Evergreen Ratio is implemented across modern technology organizations navigating complex digital transformation.
It is particularly relevant to teams scaling beyond their initial product-market fit, where operational maturity, predictability, and economic efficiency are required by leadership and investors.
👤 Who Uses It?
**Technology Executives (CTO/CIO)** leverage Evergreen Ratio to align their technical strategy with overriding business constraints and board expectations.
**Staff Engineers & Architects** rely on this framework to implement scalable, predictable patterns throughout their domains.
💡 Why It Matters
SaaS companies are valued on gross margins. AI features that compress margins reduce enterprise value. The Evergreen Ratio helps teams protect margin by identifying which AI features should be converted to deterministic code.
📏 How to Measure
Categorize all revenue-generating features as fixed-cost or variable-cost. Calculate the ratio. Track over time — a declining ratio means margin erosion.

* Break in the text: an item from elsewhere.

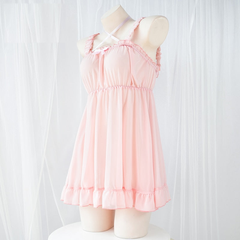 Dámský stylový kostým Lolita v růžové barvě. Vhodné na oslavy a Halloween.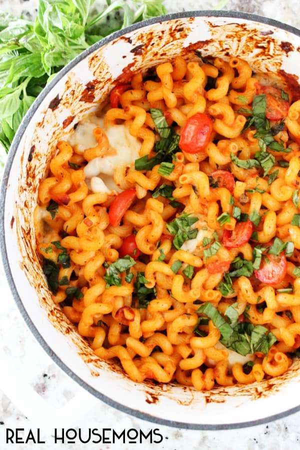 CREAMY CAPRESE PASTA is made with fresh cherry tomatoes, basil & fresh mozzarella covered in a creamy sauce for a dinner you'll crave!

🛠️ How to Apply Evergreen Ratio
Step 1: Assess — Evaluate your organization's current relationship with Evergreen Ratio. Where is it strong? Where are the gaps?

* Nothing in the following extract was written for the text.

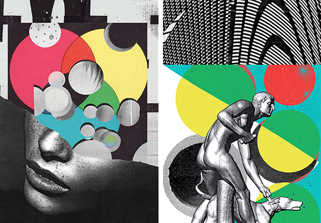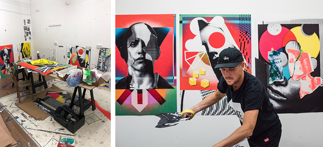 膨大な量の古本や古雑誌を収集していて、そこからさまざまなビジュアルをピックアップし、再構築してコラージュを完成させる。コラージュは何層にも重なったコラージュの上に、さらにテクスチャーや色ものせて仕上げていくという。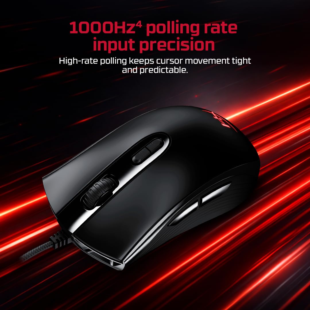 HyperX Pulsefire Core RGB USB Gaming Mouse, Up to 6200 DPI, Pixart 3327 Optical Sensor, 87gm Lightweight, 20Mn Clicks, 7 Programmable Buttons, 1K Hz Polling Rate, 24 Months Warranty – Black [4P4F8AA]

Step 2: Define Goals — Set specific, measurable targets for Evergreen Ratio improvement aligned with business outcomes.
Step 3: Build Plan — Create a phased implementation plan with clear milestones and ownership.
Step 4: Execute — Implement changes incrementally. Start with high-impact, low-risk improvements.
Step 5: Iterate — Measure results, learn from outcomes, and continuously refine your approach to Evergreen Ratio.
✅ Evergreen Ratio Checklist
📈 Evergreen Ratio Maturity Model
Where does your organization stand? Use this model to assess your current level and identify the next milestone.
⚔️ Comparisons
| Evergreen Ratio vs. | Evergreen Ratio Advantage | Other Approach |
|---|---|---|
| Ad-Hoc Approach | Evergreen Ratio provides structure, repeatability, and measurement | Ad-hoc requires zero upfront investment |
| Industry Alternatives | Evergreen Ratio is tailored to your specific organizational context | Alternatives may have larger community support |
| Doing Nothing | Evergreen Ratio creates measurable, compounding improvement | Status quo requires zero effort or change management |
| Consultant-Led Only | Evergreen Ratio builds internal capability that scales | Consultants bring external perspective and benchmarks |
| Tool-Only Solution | Evergreen Ratio combines process, culture, and measurement | Tools provide immediate automation without culture change |
| One-Time Project | Evergreen Ratio as ongoing practice delivers compounding returns | One-time projects have clear scope and end date |
How It Works
Visual Framework Diagram
🚫 Common Mistakes to Avoid
🏆 Best Practices
📊 Industry Benchmarks
How does your organization compare? Use these benchmarks to identify where you stand and where to invest.
| Industry | Metric | Low | Median | Elite |
|---|---|---|---|---|
| Technology | Evergreen Ratio Adoption | Ad-hoc | Standardized | Optimized |
| Financial Services | Evergreen Ratio Maturity | Level 1-2 | Level 3 | Level 4-5 |
| Healthcare | Evergreen Ratio Compliance | Reactive | Proactive | Predictive |
| E-Commerce | Evergreen Ratio ROI | <1x | 2-3x | >5x |
Explore the Evergreen Ratio Ecosystem
Pillar & Spoke Navigation Matrix
📝 Deep-Dive Articles
🎓 Curriculum Tracks
📄 Executive Guides
⚖️ Flagship Advisory
❓ Frequently Asked Questions
What is a good Evergreen Ratio?
Above 3:1 is healthy (most revenue from fixed-cost code). Below 1:1 is dangerous — AI costs are dominating margins. Between 1:1 and 3:1 requires active margin management.
🧠 Test Your Knowledge: Evergreen Ratio
What is the first step in implementing Evergreen Ratio?
🔧 Free Tools
🔗 Related Terms
Need Expert Help?
Richard Ewing is a Product Economist and AI Capital Auditor. He helps companies translate technical complexity into financial clarity.